#### Assignment:
Write every record out again exactly, and keep images out of it.

#### Information provided:
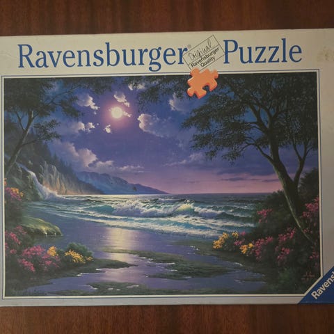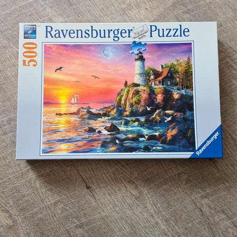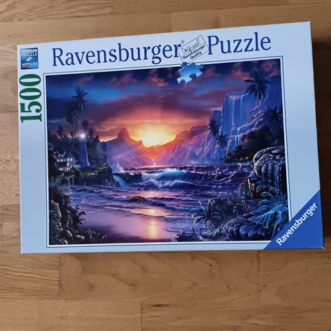 Ravensburger Puslespill med 1500 biter som viser et motiv av en solnedgang over et landskap.
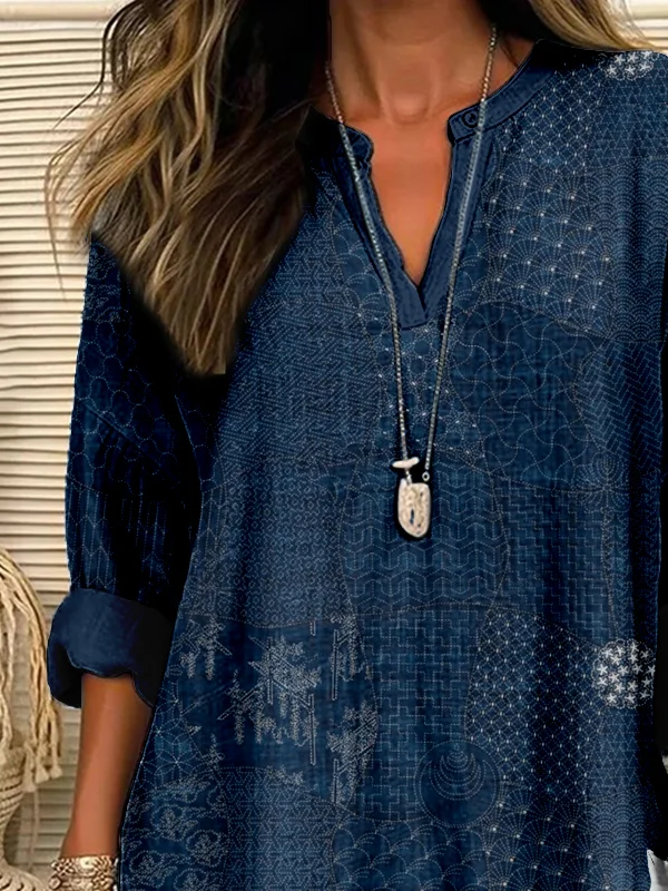 • Cotton And Linen Leaf Loose Vintage Shirt
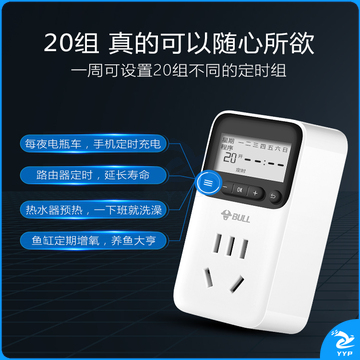 公牛(BULL)定时器插座/新国标电子定时通断电 20组定时器插座/转换器 7天24小时循环 GND-1
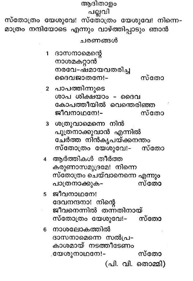 സ്തോത്രം യേശുവേ സ്തോത്രം യേശുവേ
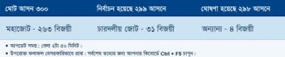 পোস্টের শিরোনাম দিবো ভেবেছিলাম "মহাজোটকে অভিনন্দন।" কিন্তু পরে দেখলাম ২৯৮ টি আসনের ভেতর মহাজোটের দখলে ২৬৩ টি আসন। তার ভেতর আওয়ামীলিগ একাই পেয়েছে ২৩০ টি আসন। সেখানে চারদলীয় জোট মাত্র ৩১ টি। এরকম বিশাল ব্যবধানে জেততে পারাটা, আসলেই এটা আওয়ামীলিগের ব্যাপক বিজয়।
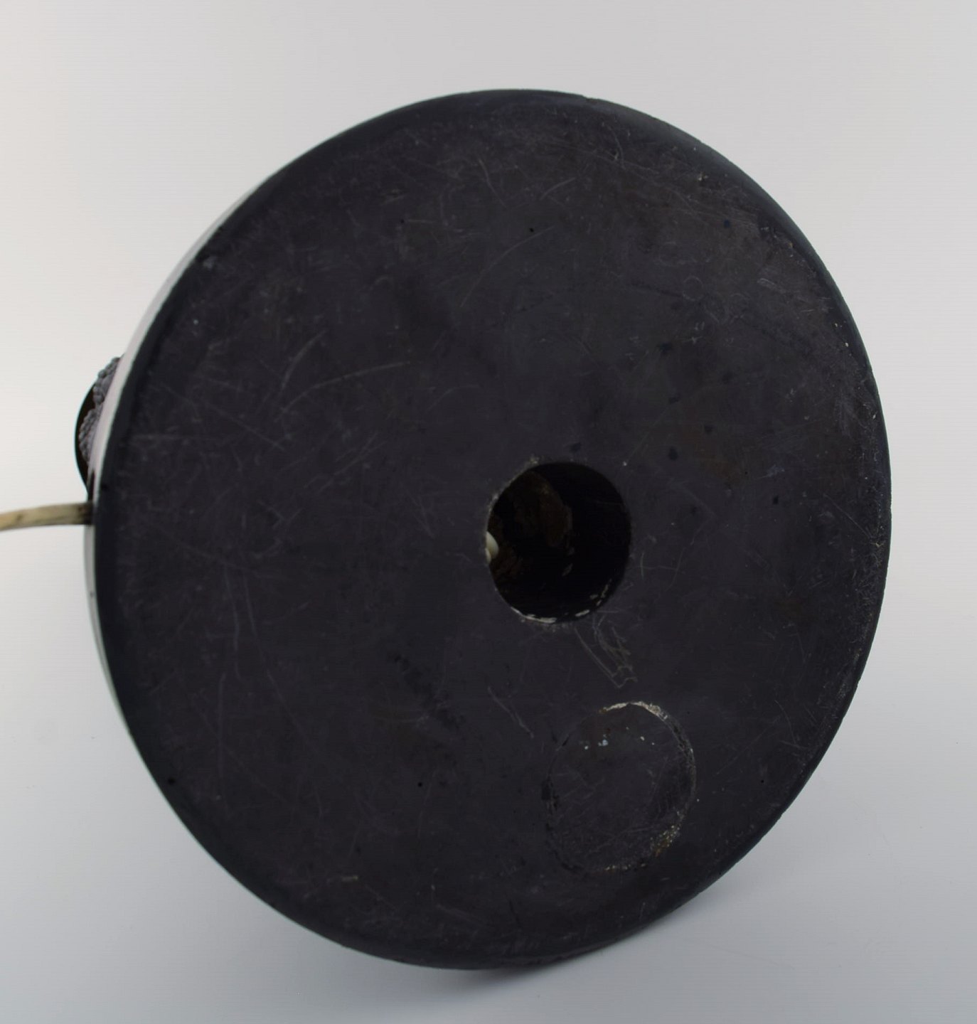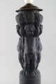 Hjorth, Bornholm. Stor lampe udført i sort terracotta dekoreret med drengebørn og drueklaser. 1880/90'erne.
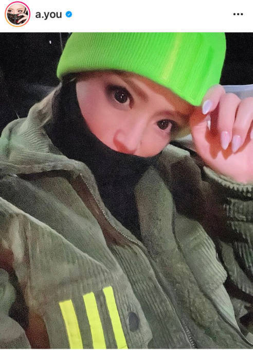 続けて、「あの日以来の聖地にやっと戻って来れた。」「そんなん、全力で楽しみ尽くして暴れたおすしかないでしょーーー」と意気込みを語りつつ、「まずは12月30日、2021年のAsia tour納めをお見逃しなくっっ!!!!」「#ayuasiatour20212022 #yoyogi #聖地代々木」などのコメントやハッシュタグと共に、鮮やかな蛍光カラーのニット帽や、グリーン系のカラーのアウターを着用した写真を公開。

#### Output of the task:
 Ravensburger Puslespill med 1500 biter som viser et motiv av en solnedgang over et landskap.
 • Cotton And Linen Leaf Loose Vintage Shirt
 公牛(BULL)定时器插座/新国标电子定时通断电 20组定时器插座/转换器 7天24小时循环 GND-1
 സ്തോത്രം യേശുവേ സ്തോത്രം യേശുവേ
 পোস্টের শিরোনাম দিবো ভেবেছিলাম "মহাজোটকে অভিনন্দন।" কিন্তু পরে দেখলাম ২৯৮ টি আসনের ভেতর মহাজোটের দখলে ২৬৩ টি আসন। তার ভেতর আওয়ামীলিগ একাই পেয়েছে ২৩০ টি আসন। সেখানে চারদলীয় জোট মাত্র ৩১ টি। এরকম বিশাল ব্যবধানে জেততে পারাটা, আসলেই এটা আওয়ামীলিগের ব্যাপক বিজয়।
 Hjorth, Bornholm. Stor lampe udført i sort terracotta dekoreret med drengebørn og drueklaser. 1880/90'erne.
 続けて、「あの日以来の聖地にやっと戻って来れた。」「そんなん、全力で楽しみ尽くして暴れたおすしかないでしょーーー」と意気込みを語りつつ、「まずは12月30日、2021年のAsia tour納めをお見逃しなくっっ!!!!」「#ayuasiatour20212022 #yoyogi #聖地代々木」などのコメントやハッシュタグと共に、鮮やかな蛍光カラーのニット帽や、グリーン系のカラーのアウターを着用した写真を公開。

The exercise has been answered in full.